Re: e^pi - pi + 9/10^4 + 1/(10^4*ln(2) + sqrt(10)/6)^2 Message #2 Posted by Matt Agajanian on 6 Aug 2012, 2:26 p.m., in response to message #1 by Gerson W. Barbosa Well, for the posted expression, I got 20-(10^-8) on my HP-25C. Edited: 6 Aug 2012, 2:29 p.m.

Re: e^pi - pi + 9/10^4 + 1/(10^4*ln(2) + sqrt(10)/6)^2 Message #3 Posted by Gerson W. Barbosa on 6 Aug 2012, 2:45 p.m., in response to message #2 by Matt Agajanian Hello Matt, The correct 10, 12 or even 16-digit result would be 20, but one-digit difference in the last position is quite acceptable. e^pi - pi + 9/10^4 + 1/(10^4*ln(2) + sqrt(10)/6)^2 = 20.000 000 000 000 000 729 511 Regards, Gerson.

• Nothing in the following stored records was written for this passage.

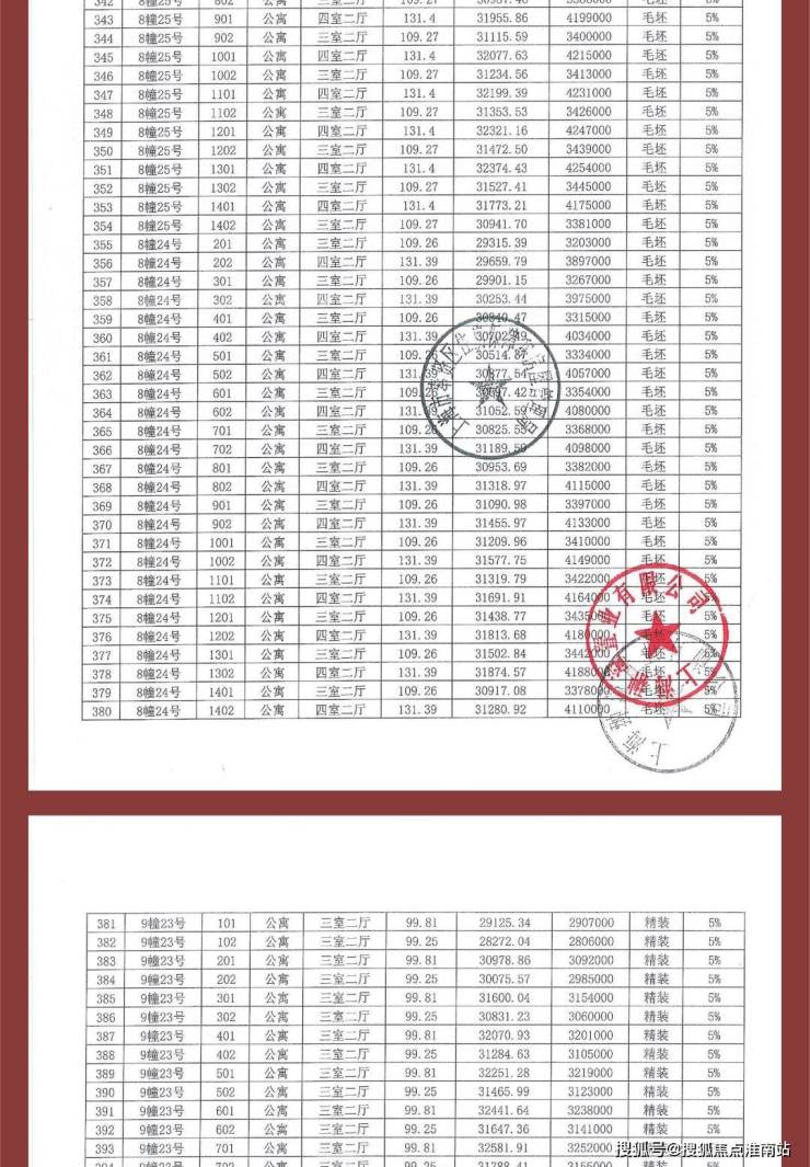 项目一房一价表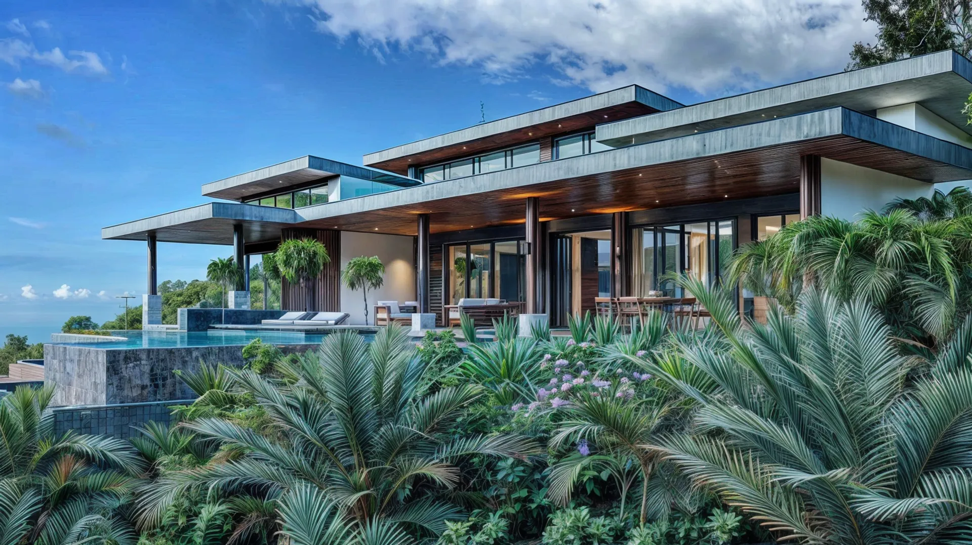 02The design of Costa Verde 38 focuses on openness, light, and organic integration. Floor-to-ceiling glass panels capture panoramic coastal views, while the use of wood, stone, and natural textures enhances the home’s warmth and sophistication. The structure’s clean horizontal lines and deep overhangs not only define its modern character but also provide shade and promote passive cooling, ensuring comfort throughout the day.
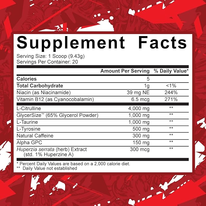 - JUMPSTART YOUR WORKOUT with an expertly balanced pre-workout! Featuring 300 mg of natural caffeine for a steady rush of energy,With L-Citrulline and GlycerSize for nitric oxide production and pump, plus brain-boosting ingredients for mental focus, it's the comprehensive pre-workout your training demands.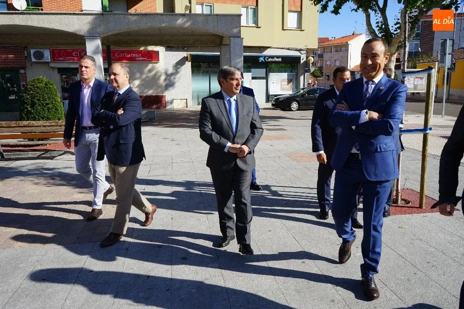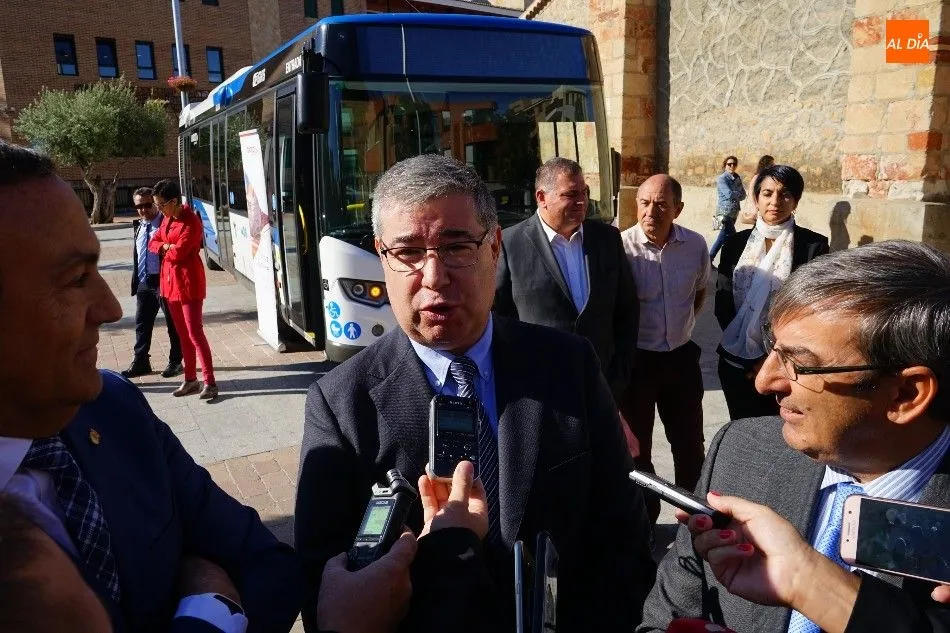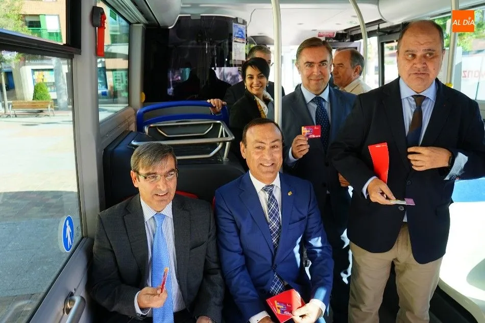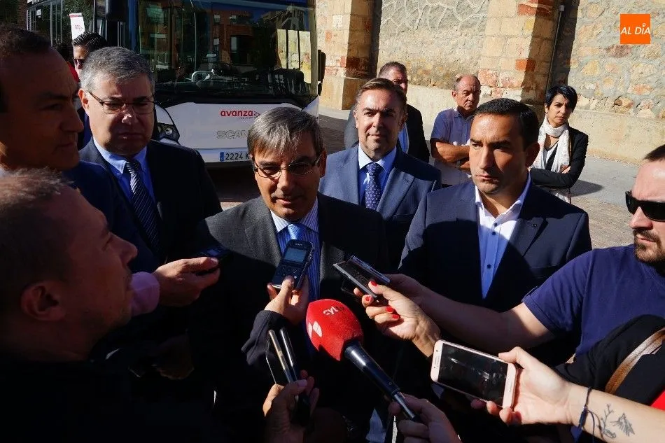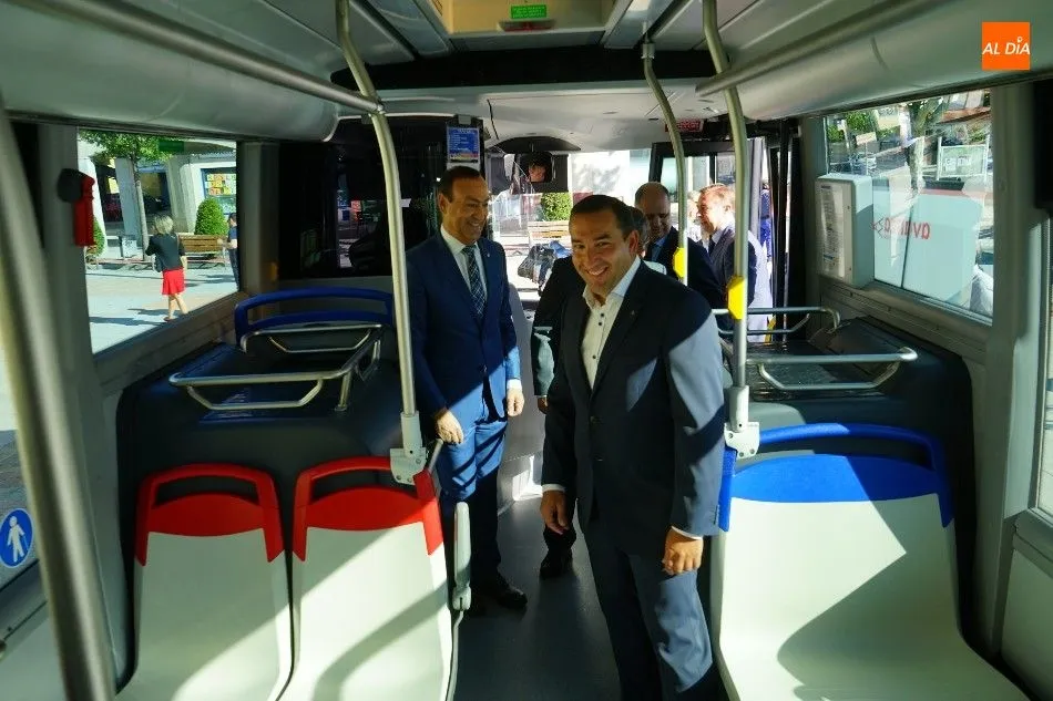 El viceconsejero de Infraestructuras y Emergencias de la Junta de Castilla y León, José Luis Sanz Merino; y el director general de Transportes, Ignacio Santos Pérez, estuvieron en Carbajosa de la Sagrada para la inauguración del nuevo servicio de transporte.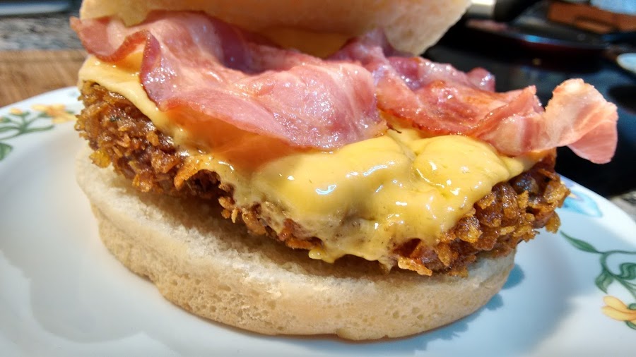Emborrizamos directamente las hamburguesas en los copos triturados.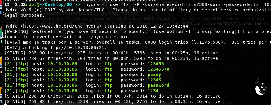 hydra -L user.txt -P /usr/share/wordlists/500-worst-passwords.txt 10.10.10.86 ftp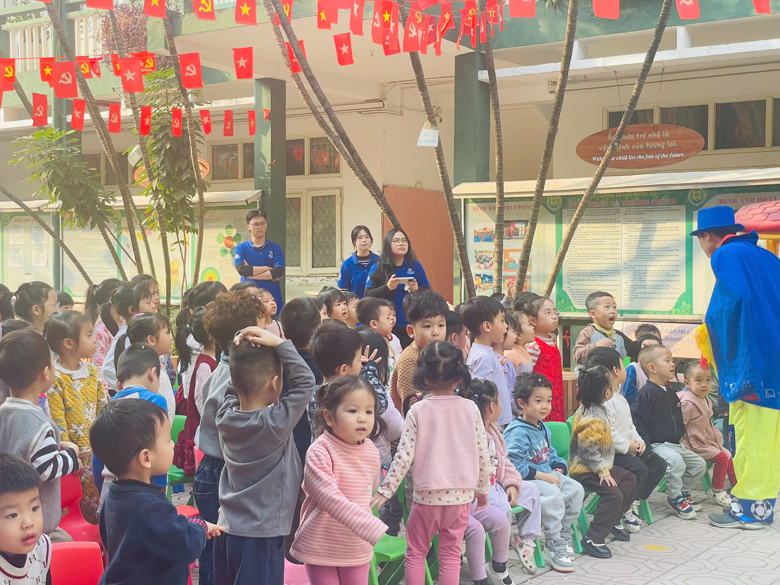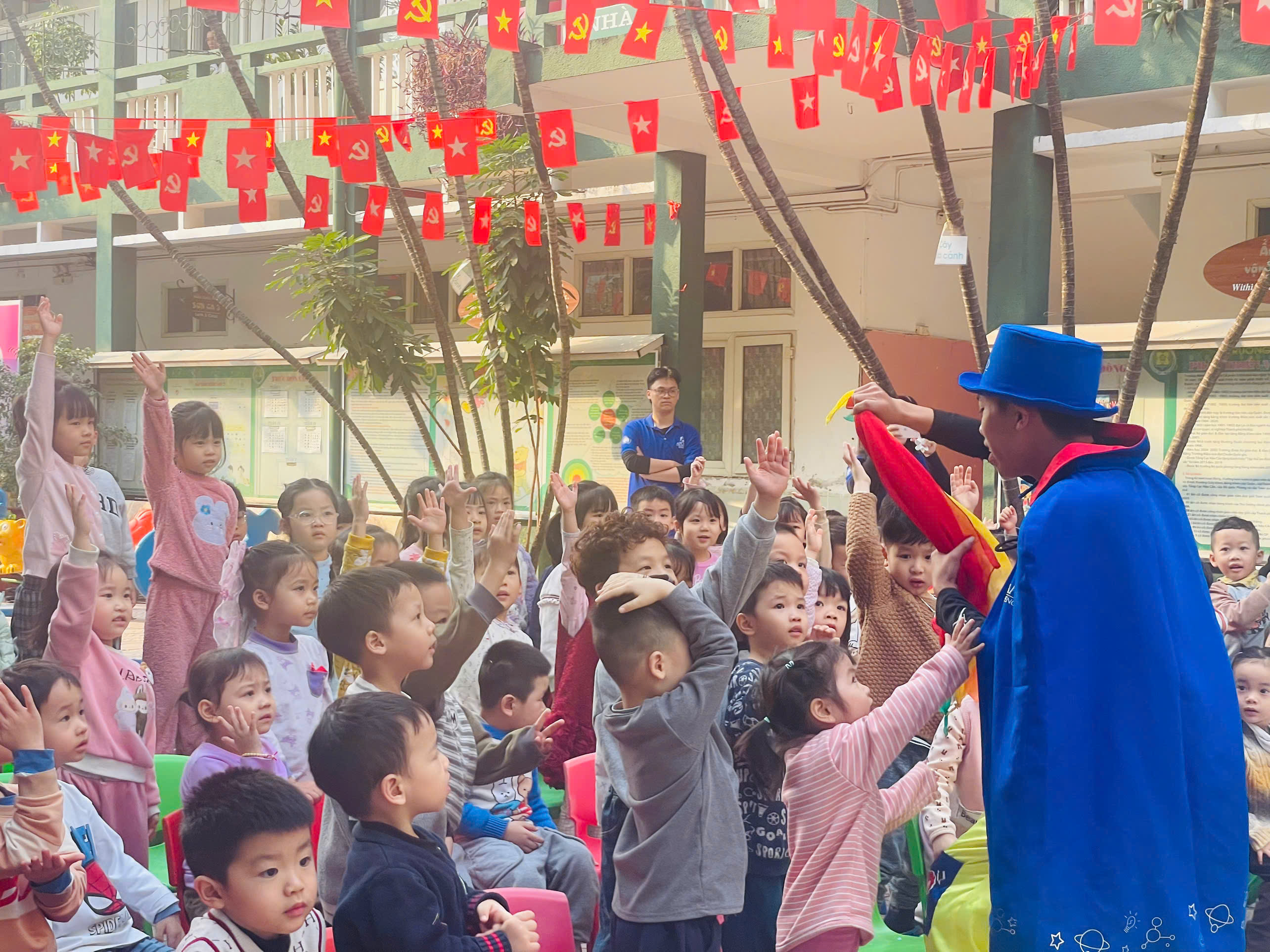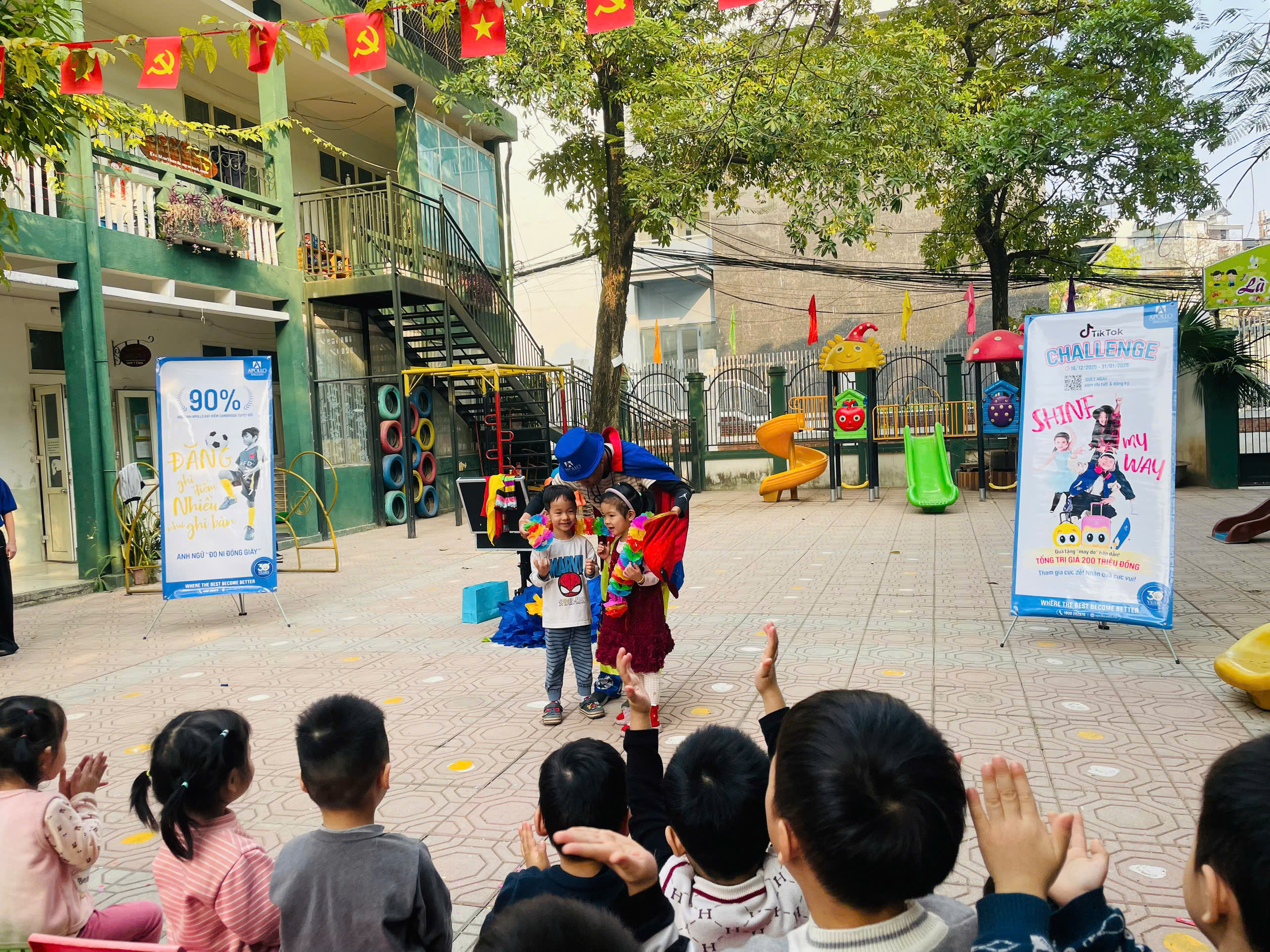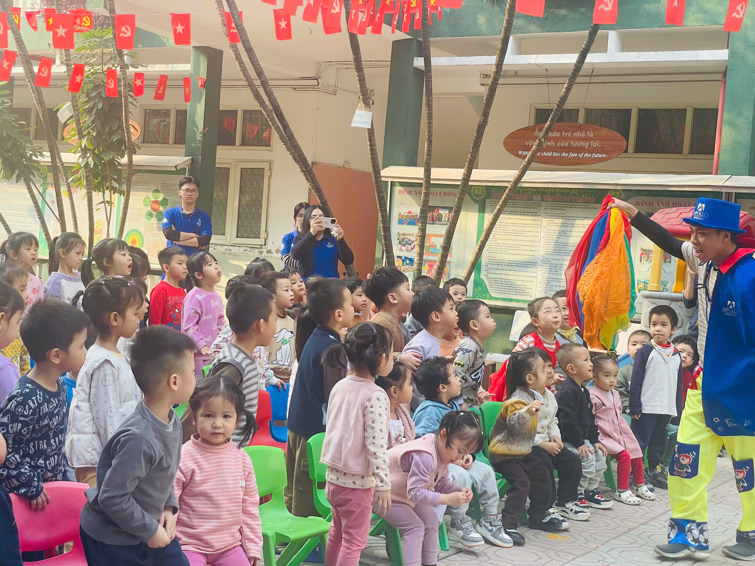 Mở đầu chương trình, các em học sinh đã được thưởng thức tiết mục ảo thuật đặc sắc do ảo thuật gia của Apollo English biểu diễn. Những màn ảo thuật hấp dẫn, sinh động đã thu hút sự chú ý và mang lại niềm hào hứng cho các con, góp phần tạo nên không khí lễ hội vui nhộn trong khuôn viên nhà trường.

Re: e^pi - pi + 9/10^4 + 1/(10^4*ln(2) + sqrt(10)/6)^2 Message #4 Posted by Matt Agajanian on 6 Aug 2012, 4:35 p.m., in response to message #3 by Gerson W. Barbosa Well, for a Woodstock model, the accuracy is quite impressive. Haven't tried it on my Classics, though.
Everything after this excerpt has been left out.